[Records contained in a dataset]
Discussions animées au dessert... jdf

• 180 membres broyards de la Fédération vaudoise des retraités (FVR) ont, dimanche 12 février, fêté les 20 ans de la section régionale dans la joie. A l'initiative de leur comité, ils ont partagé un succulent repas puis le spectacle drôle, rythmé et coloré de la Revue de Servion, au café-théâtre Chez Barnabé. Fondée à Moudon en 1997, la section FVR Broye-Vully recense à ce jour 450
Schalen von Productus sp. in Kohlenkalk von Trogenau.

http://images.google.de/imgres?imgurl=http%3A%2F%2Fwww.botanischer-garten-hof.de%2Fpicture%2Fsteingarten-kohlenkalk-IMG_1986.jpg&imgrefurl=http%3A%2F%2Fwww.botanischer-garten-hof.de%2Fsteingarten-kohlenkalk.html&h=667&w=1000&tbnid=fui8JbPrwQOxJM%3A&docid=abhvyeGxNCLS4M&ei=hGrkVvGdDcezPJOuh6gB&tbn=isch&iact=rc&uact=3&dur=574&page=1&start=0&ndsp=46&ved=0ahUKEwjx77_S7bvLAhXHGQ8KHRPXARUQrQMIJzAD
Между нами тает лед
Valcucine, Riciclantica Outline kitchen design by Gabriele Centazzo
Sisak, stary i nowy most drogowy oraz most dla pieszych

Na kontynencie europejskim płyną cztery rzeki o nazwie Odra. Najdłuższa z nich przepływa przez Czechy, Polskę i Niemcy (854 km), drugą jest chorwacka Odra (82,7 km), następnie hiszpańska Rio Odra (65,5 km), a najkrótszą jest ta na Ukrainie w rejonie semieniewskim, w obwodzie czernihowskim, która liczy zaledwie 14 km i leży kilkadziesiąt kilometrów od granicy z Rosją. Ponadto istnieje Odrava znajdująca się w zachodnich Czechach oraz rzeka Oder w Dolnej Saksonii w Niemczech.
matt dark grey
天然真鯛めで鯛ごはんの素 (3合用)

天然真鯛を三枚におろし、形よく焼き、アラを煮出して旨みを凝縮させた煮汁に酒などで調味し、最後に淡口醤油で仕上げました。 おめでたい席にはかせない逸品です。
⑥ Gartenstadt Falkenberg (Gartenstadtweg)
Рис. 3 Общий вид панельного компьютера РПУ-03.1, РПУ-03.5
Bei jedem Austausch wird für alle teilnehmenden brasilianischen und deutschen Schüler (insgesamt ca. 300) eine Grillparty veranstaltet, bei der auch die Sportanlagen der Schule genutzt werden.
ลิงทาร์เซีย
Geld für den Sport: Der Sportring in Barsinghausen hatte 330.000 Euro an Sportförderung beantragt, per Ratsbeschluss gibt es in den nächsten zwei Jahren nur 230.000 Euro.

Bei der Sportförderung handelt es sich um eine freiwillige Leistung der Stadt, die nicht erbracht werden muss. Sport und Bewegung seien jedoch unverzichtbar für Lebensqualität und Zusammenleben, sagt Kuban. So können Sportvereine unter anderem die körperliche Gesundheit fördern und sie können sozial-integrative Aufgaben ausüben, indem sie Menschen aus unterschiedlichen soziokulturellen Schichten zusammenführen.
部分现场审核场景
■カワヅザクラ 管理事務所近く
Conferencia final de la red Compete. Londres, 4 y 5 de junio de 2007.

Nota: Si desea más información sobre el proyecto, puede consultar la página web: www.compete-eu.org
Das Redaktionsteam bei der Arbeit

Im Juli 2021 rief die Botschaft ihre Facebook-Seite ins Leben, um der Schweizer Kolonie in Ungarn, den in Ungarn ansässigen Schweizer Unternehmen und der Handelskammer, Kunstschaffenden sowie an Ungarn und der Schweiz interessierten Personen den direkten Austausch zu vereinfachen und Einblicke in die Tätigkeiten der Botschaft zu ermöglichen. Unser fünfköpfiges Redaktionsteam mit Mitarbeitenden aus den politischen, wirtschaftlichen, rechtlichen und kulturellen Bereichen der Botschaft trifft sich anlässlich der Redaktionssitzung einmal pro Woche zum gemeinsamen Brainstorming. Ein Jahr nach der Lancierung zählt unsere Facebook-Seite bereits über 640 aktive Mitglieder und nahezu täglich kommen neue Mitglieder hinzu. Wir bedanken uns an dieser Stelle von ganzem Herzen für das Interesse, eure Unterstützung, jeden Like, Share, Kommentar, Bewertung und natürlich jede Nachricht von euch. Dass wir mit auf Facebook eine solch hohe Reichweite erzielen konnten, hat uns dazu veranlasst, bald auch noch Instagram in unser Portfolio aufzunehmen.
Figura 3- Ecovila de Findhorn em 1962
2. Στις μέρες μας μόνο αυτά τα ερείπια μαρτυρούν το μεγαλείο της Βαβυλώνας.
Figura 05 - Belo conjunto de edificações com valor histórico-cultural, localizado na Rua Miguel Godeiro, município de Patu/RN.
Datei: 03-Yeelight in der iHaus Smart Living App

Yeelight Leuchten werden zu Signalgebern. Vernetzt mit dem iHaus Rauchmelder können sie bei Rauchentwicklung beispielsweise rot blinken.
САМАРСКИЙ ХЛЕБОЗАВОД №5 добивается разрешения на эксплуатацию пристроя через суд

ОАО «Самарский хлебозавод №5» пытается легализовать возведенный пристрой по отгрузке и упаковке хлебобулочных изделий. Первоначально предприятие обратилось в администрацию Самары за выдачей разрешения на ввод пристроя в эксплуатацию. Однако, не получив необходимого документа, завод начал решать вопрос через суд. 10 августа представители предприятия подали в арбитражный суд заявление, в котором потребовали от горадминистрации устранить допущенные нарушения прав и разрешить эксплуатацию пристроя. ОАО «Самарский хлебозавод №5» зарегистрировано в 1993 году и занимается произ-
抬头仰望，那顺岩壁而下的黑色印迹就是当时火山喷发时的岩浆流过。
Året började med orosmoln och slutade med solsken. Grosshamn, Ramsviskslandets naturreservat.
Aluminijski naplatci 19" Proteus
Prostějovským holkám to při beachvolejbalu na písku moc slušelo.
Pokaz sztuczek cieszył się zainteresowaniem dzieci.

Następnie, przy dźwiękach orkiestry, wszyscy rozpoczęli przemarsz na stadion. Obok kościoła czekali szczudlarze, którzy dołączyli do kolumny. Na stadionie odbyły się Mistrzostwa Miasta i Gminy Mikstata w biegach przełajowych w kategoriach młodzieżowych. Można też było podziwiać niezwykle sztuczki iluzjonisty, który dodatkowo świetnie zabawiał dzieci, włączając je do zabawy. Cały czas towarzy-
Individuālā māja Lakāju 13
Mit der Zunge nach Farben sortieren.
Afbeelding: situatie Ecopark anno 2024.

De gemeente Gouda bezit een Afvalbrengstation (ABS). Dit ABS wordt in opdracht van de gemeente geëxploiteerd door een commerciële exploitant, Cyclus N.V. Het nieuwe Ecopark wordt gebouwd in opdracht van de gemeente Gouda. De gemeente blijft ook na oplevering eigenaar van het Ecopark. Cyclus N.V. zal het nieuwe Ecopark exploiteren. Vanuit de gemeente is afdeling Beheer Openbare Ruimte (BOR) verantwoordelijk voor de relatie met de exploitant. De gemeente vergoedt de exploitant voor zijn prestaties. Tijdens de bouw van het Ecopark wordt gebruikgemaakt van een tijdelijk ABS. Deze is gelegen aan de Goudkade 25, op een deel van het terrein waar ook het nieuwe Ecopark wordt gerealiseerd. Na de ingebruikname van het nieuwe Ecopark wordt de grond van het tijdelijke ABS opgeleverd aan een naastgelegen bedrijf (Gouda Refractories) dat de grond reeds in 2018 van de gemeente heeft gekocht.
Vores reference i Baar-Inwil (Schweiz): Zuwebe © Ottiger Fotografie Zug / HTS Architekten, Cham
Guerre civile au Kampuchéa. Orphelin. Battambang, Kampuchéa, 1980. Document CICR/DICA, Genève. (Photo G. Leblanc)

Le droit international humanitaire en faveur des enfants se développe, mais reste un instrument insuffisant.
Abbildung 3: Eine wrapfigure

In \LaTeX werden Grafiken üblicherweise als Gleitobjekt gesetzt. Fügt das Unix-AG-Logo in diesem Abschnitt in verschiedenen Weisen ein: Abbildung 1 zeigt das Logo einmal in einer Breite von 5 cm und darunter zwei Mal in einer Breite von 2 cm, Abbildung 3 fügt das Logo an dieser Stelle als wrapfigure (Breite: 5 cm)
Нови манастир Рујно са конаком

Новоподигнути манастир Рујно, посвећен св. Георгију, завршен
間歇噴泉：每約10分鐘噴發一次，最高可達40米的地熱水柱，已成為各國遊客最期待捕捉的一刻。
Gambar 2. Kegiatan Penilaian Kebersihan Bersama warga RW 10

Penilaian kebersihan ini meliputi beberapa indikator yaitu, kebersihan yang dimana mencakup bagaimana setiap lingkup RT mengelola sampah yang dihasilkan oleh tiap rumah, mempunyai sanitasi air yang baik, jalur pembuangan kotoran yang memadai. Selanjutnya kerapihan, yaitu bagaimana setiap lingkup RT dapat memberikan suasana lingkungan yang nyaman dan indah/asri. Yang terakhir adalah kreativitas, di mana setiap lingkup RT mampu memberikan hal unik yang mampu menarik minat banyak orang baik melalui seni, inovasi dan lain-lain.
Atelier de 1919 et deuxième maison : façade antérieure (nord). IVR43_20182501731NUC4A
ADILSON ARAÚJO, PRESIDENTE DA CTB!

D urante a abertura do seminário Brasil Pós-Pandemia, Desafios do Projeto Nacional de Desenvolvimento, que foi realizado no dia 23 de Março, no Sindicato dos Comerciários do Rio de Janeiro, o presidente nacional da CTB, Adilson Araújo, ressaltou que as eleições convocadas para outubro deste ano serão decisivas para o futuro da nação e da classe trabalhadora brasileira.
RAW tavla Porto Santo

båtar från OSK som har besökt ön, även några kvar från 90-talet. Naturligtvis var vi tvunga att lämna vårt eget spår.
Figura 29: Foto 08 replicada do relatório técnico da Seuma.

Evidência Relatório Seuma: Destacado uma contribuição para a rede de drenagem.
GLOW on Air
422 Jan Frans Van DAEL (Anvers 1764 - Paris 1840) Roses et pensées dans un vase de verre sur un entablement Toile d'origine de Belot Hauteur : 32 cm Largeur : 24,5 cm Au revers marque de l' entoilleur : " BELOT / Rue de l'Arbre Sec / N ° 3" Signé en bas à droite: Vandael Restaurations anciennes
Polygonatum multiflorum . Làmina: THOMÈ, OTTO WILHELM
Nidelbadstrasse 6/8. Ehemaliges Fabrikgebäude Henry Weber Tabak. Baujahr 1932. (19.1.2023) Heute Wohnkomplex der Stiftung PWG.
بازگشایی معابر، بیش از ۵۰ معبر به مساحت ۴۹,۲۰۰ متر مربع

**About this task**
The answer should be a single number: the count of lines in the data that include the string "zwei".

**Solution to this task**
2